Activity ▸
Below are entries with pictures in them. Output exactly the lines starting at the line with "只有 195 克,即使每天帶在身上都不會造成任何額外負擔。" and ending at the line with "Devices: The BLAVOR", both included, but not the pictures.

Available records ▸
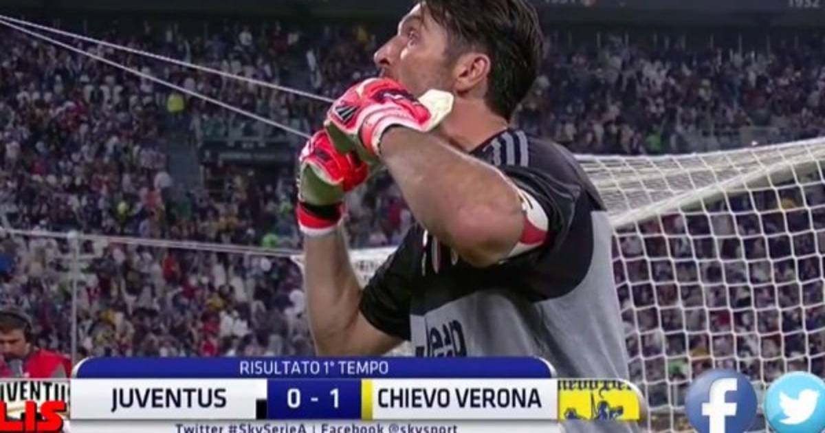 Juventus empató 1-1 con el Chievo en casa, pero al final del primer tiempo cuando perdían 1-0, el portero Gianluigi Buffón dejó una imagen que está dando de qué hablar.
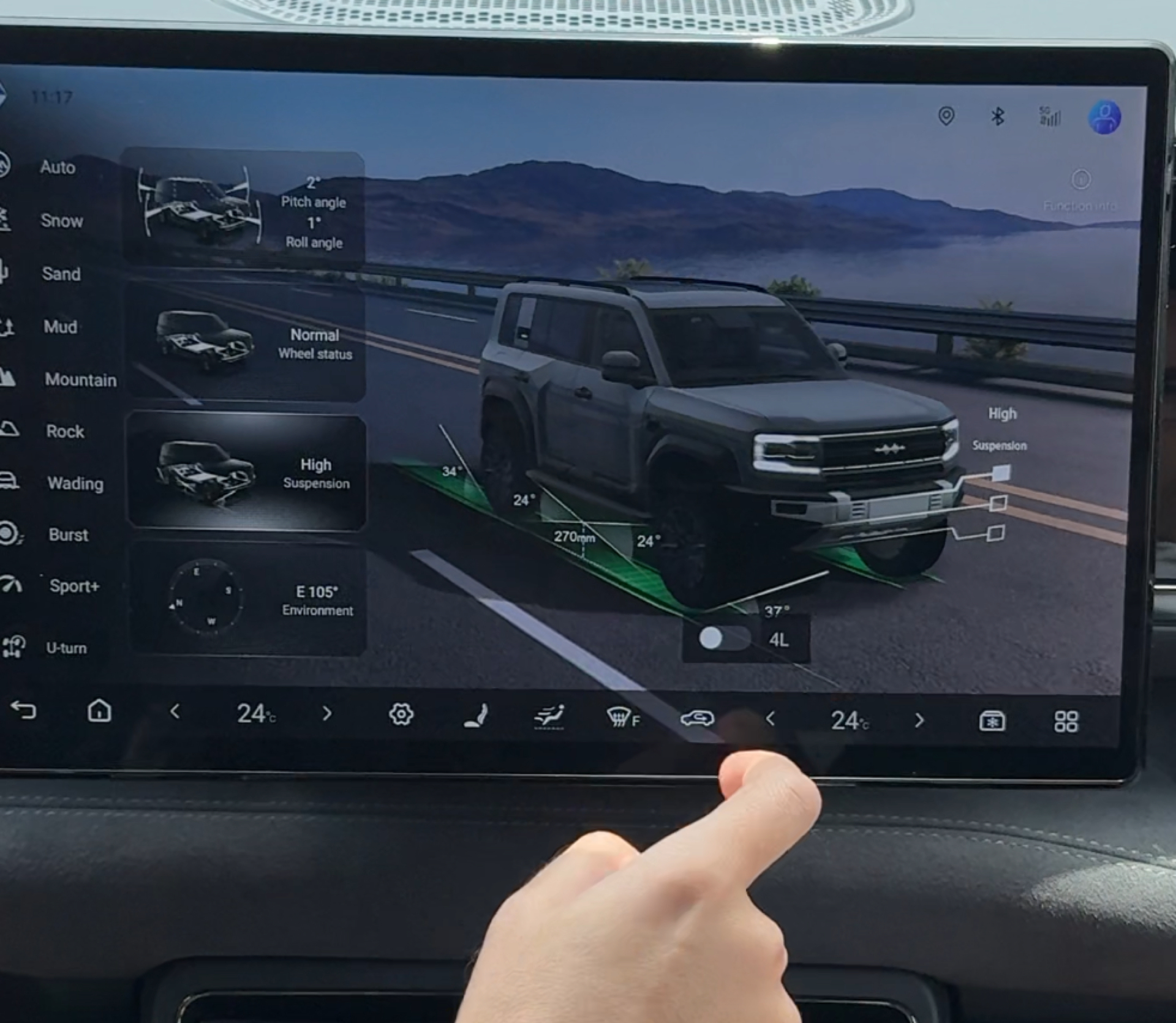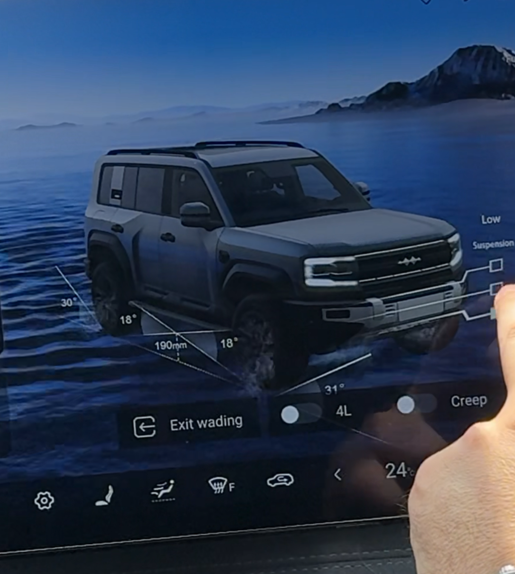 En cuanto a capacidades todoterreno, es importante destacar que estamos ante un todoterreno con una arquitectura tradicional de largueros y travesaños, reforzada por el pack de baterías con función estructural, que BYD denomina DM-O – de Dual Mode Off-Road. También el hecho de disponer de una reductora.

* * *

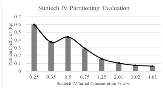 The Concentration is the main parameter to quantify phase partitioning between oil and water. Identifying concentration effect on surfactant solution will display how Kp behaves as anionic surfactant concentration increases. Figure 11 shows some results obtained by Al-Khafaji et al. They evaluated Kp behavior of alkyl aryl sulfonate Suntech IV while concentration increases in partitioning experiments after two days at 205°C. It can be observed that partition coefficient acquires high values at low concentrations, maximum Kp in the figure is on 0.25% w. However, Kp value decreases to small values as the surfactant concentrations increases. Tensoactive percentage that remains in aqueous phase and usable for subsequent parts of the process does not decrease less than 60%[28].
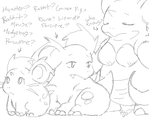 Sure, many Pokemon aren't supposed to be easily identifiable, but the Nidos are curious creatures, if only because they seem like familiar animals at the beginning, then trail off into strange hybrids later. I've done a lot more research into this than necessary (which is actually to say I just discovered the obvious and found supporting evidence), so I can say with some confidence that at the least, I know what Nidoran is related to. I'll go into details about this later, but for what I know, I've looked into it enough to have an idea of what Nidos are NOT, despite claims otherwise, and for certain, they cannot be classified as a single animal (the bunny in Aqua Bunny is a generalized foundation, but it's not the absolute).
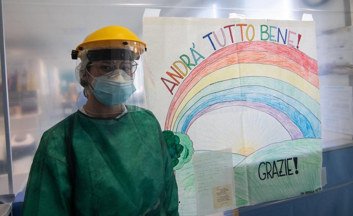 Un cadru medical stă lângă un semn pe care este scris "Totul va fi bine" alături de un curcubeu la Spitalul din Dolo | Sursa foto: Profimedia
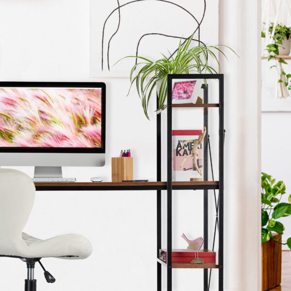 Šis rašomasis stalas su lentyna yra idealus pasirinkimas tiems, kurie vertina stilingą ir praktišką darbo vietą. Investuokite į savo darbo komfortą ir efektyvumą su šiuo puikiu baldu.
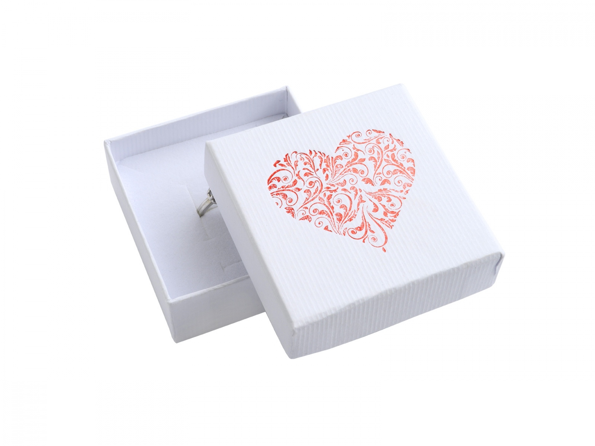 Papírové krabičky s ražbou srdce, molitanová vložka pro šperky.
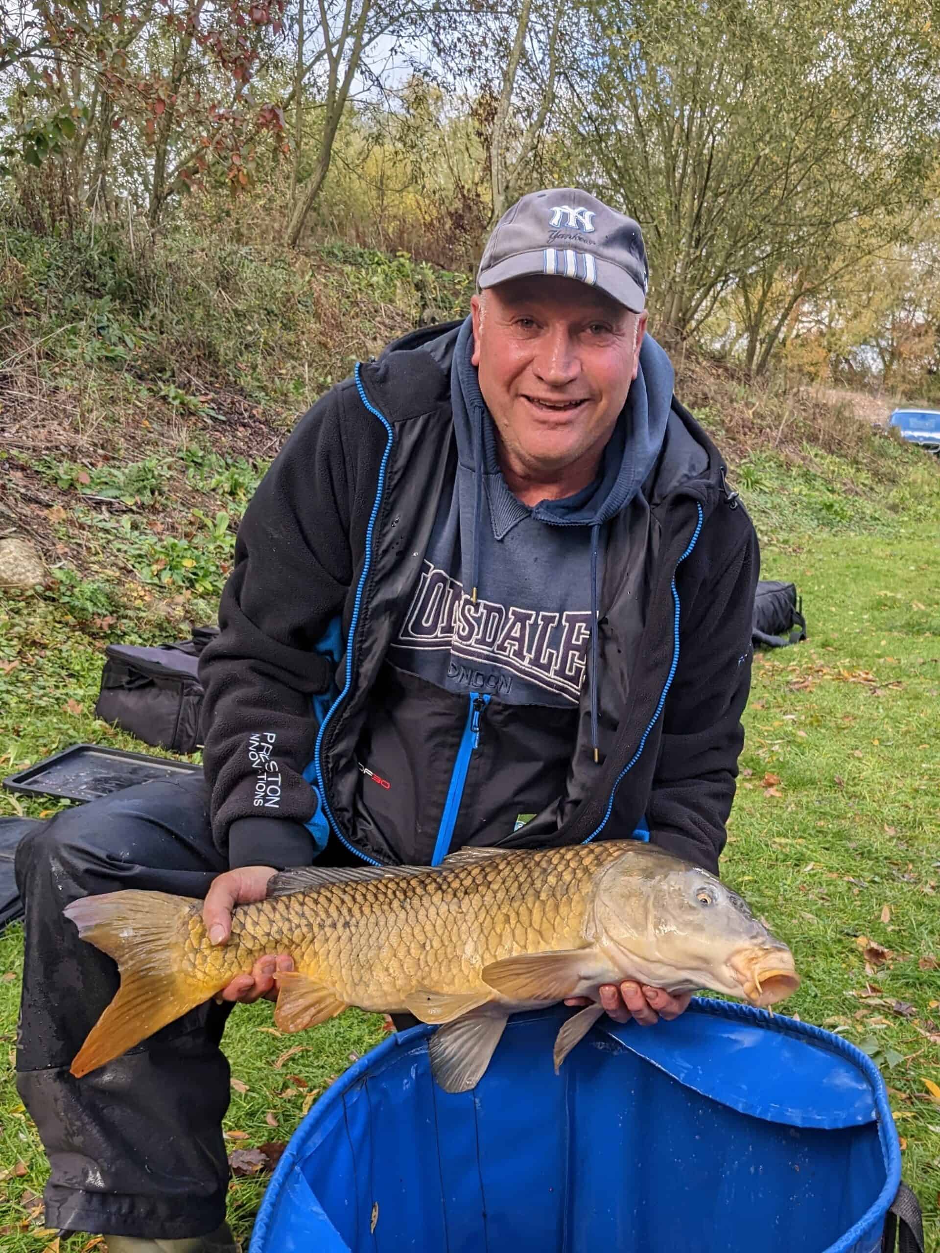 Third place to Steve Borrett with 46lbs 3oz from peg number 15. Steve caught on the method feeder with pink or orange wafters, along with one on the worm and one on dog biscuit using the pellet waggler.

---

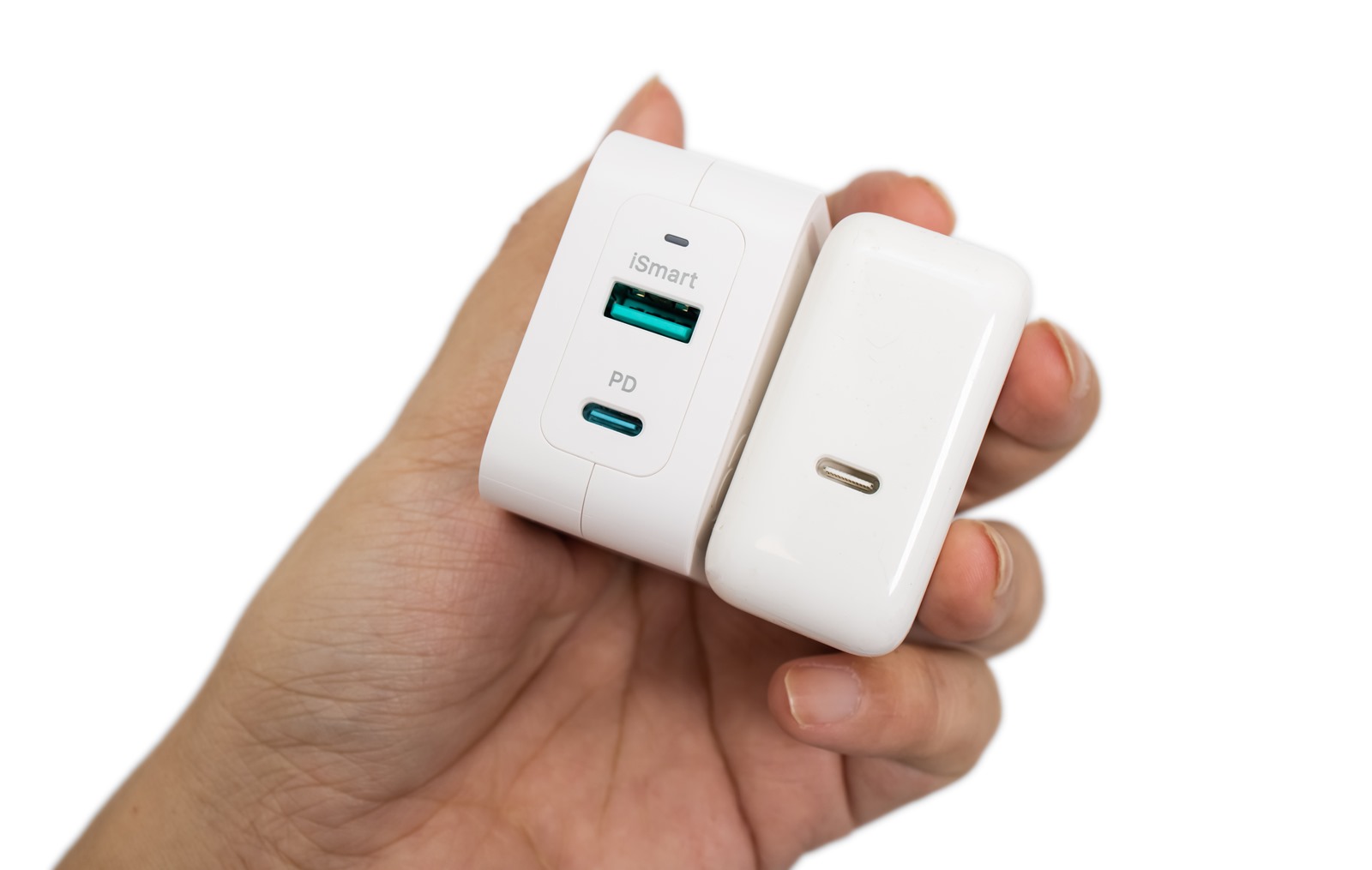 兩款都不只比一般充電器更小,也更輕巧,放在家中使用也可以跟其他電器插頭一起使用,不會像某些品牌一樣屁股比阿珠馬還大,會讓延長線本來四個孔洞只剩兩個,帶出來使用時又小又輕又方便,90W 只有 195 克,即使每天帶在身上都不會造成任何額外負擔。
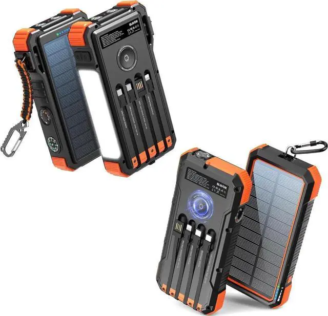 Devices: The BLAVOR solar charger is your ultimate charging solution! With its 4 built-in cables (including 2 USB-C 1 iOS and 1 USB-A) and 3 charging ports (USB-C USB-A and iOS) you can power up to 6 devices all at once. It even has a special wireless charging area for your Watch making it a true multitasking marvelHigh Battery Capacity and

Solution to this task ▸
 兩款都不只比一般充電器更小,也更輕巧,放在家中使用也可以跟其他電器插頭一起使用,不會像某些品牌一樣屁股比阿珠馬還大,會讓延長線本來四個孔洞只剩兩個,帶出來使用時又小又輕又方便,90W 只有 195 克,即使每天帶在身上都不會造成任何額外負擔。
 Devices: The BLAVOR solar charger is your ultimate charging solution! With its 4 built-in cables (including 2 USB-C 1 iOS and 1 USB-A) and 3 charging ports (USB-C USB-A and iOS) you can power up to 6 devices all at once. It even has a special wireless charging area for your Watch making it a true multitasking marvelHigh Battery Capacity and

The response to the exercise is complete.